DATA BLOCK:
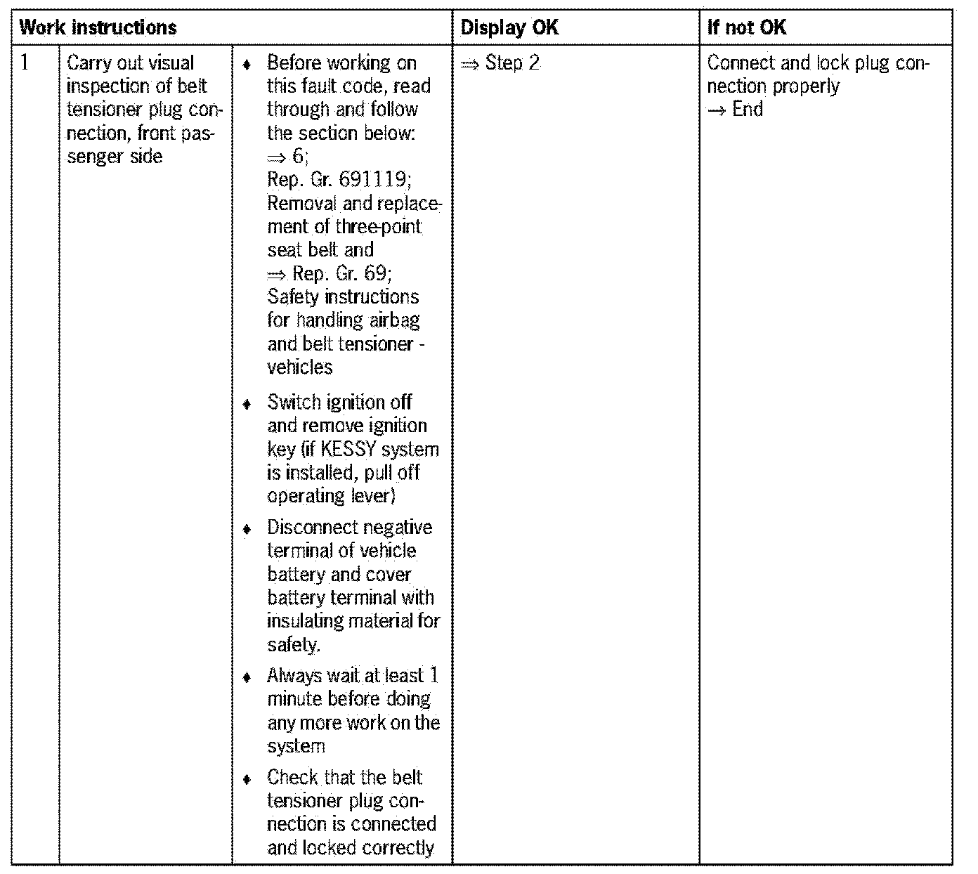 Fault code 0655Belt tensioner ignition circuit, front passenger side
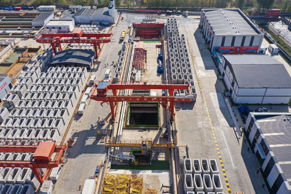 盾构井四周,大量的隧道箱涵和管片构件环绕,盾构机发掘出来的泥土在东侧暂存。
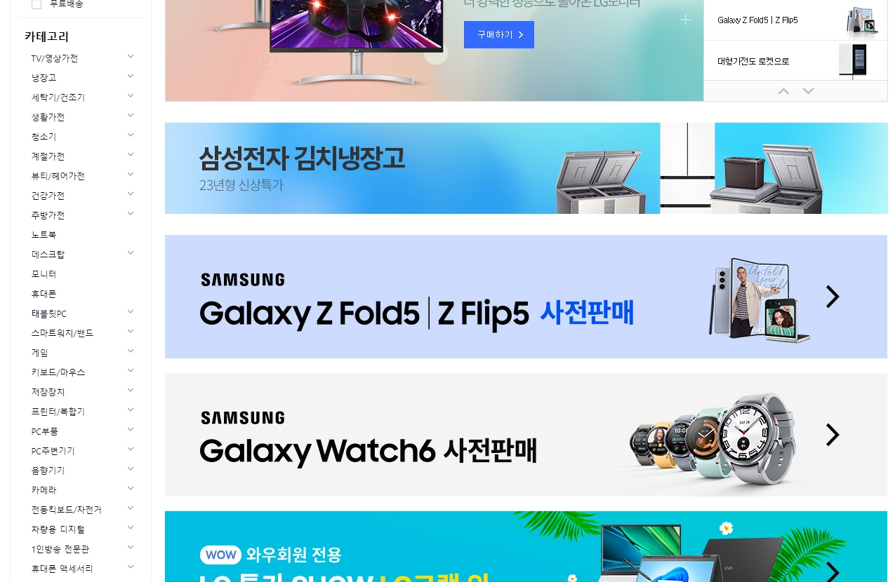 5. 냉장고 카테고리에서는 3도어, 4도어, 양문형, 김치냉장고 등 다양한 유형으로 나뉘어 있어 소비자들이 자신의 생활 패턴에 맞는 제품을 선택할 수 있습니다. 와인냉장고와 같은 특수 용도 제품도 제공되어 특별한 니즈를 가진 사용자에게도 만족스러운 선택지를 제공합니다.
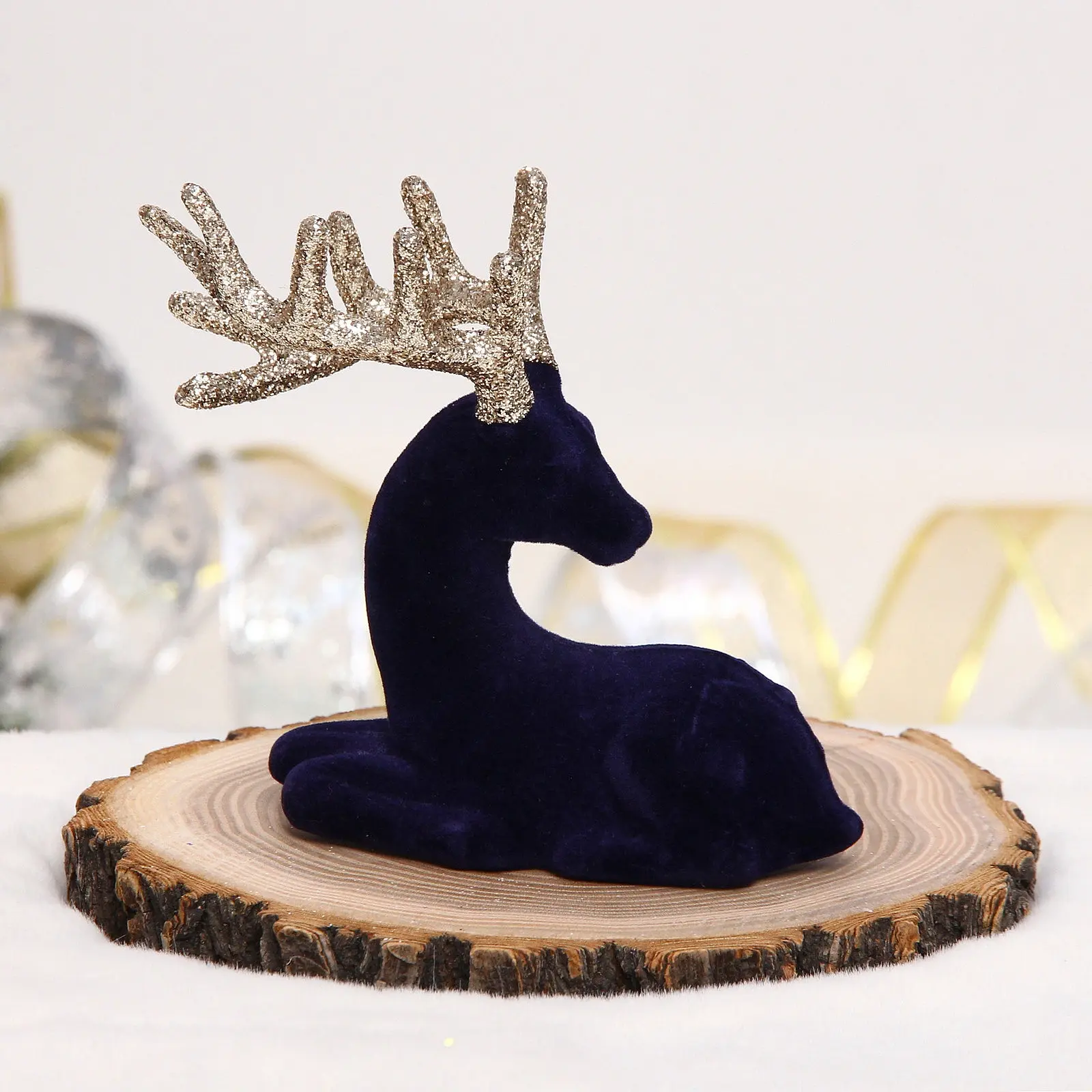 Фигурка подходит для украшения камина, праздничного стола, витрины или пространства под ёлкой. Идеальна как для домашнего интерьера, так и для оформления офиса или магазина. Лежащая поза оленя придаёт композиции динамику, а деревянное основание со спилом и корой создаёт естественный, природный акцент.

WHAT IS BEING ASKED: Copy out the data verbatim, with no pictures.

RESULT BELOW:
 Fault code 0655Belt tensioner ignition circuit, front passenger side
 盾构井四周,大量的隧道箱涵和管片构件环绕,盾构机发掘出来的泥土在东侧暂存。
 5. 냉장고 카테고리에서는 3도어, 4도어, 양문형, 김치냉장고 등 다양한 유형으로 나뉘어 있어 소비자들이 자신의 생활 패턴에 맞는 제품을 선택할 수 있습니다. 와인냉장고와 같은 특수 용도 제품도 제공되어 특별한 니즈를 가진 사용자에게도 만족스러운 선택지를 제공합니다.
 Фигурка подходит для украшения камина, праздничного стола, витрины или пространства под ёлкой. Идеальна как для домашнего интерьера, так и для оформления офиса или магазина. Лежащая поза оленя придаёт композиции динамику, а деревянное основание со спилом и корой создаёт естественный, природный акцент.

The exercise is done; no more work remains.